# How to complete this task
Leaving out all pictures, return exactly the lines from the one that contains "KIVA 회원기업은 ①전국적으로" through the end of the data below.

# Supplied material
.....
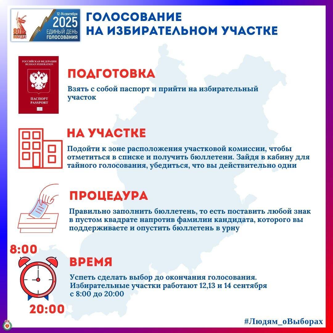 Как проголосовать на избирательном участке? Ответит рубрика #Людям_оВыборах 👨👩👧 Избирательный участок — это основной и самый распространённый способ участия в выборах. В дни выборов, с 12 по 14 сентября, приходите на избирательный участок и сделайте свой выбор. Участок будет работать с 8:00 до 20:00. Адреса УИКов мы публиковали ранее. Также адреса можно найти на портале Госуслуги в разделе «Выборы» и на сайте ЦИК России. 💡Стоит отметить, если в день голосования вы не сможете находиться на своём избирательном участке, то можно проголосовать на любом удобном избирательном участке в пределах вашего избирательного округа, подав соответствующее заявление с 3 по 8 сентября. Уже вчера все участки начали свою работу перед выборами: понедельник - пятница с 16:00 до 20:00, суббота - воскресенье с 9:00 до 13:00. Приходите на избирательный участок в удобные для вас дни голосования и сделайте свой выбор. ⚡️ При себе необходимо иметь паспорт гражданина РФ.
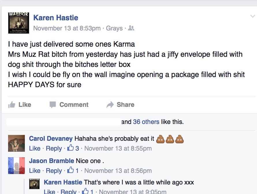 Essex woman cautioned after Facebook rant bragged of pushing dog poo through Muslim neighbour’s door
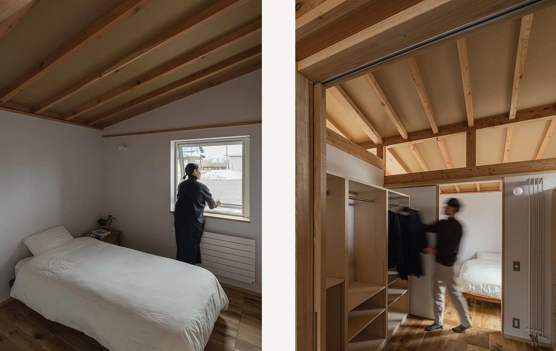 北海道産のスギやヒノキは節が多いという特徴があるため、使い方に工夫が欠かせません。節が多いことを前提に、梁より下の壁は石膏ボードで白く仕上げるという「割り切り」を採用しました。これにより、すっきりとした空間を保ちながら自然素材の魅力を引き出し、意匠的にも整った印象になります。
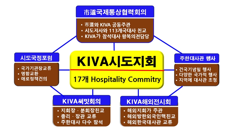 KIVA 회원기업은 ①전국적으로 2600여개 기업이 상호연대하며 활동하고, ②113개 주한외국대사관과 Korean Supporters로 친교하며, ③시도지사와 113개 주한외국대사를 결합시키고, ④지역내 국가기관장과 매월 국정포럼에서 친교하고 ⑤125개 해외도시별 해외지회가 매년 주관하는 해외전시회에 참가하는 등 그 참여
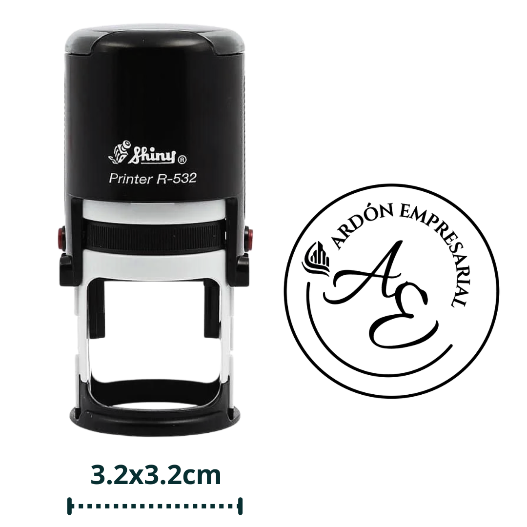 Sello automático con área de impresión circular de 4.2cm, ideal para logotipos, íconos o textos grandes uso profesional o para colegiados en redondo grande.
.....
# Solution to the exercise
 KIVA 회원기업은 ①전국적으로 2600여개 기업이 상호연대하며 활동하고, ②113개 주한외국대사관과 Korean Supporters로 친교하며, ③시도지사와 113개 주한외국대사를 결합시키고, ④지역내 국가기관장과 매월 국정포럼에서 친교하고 ⑤125개 해외도시별 해외지회가 매년 주관하는 해외전시회에 참가하는 등 그 참여
 Sello automático con área de impresión circular de 4.2cm, ideal para logotipos, íconos o textos grandes uso profesional o para colegiados en redondo grande.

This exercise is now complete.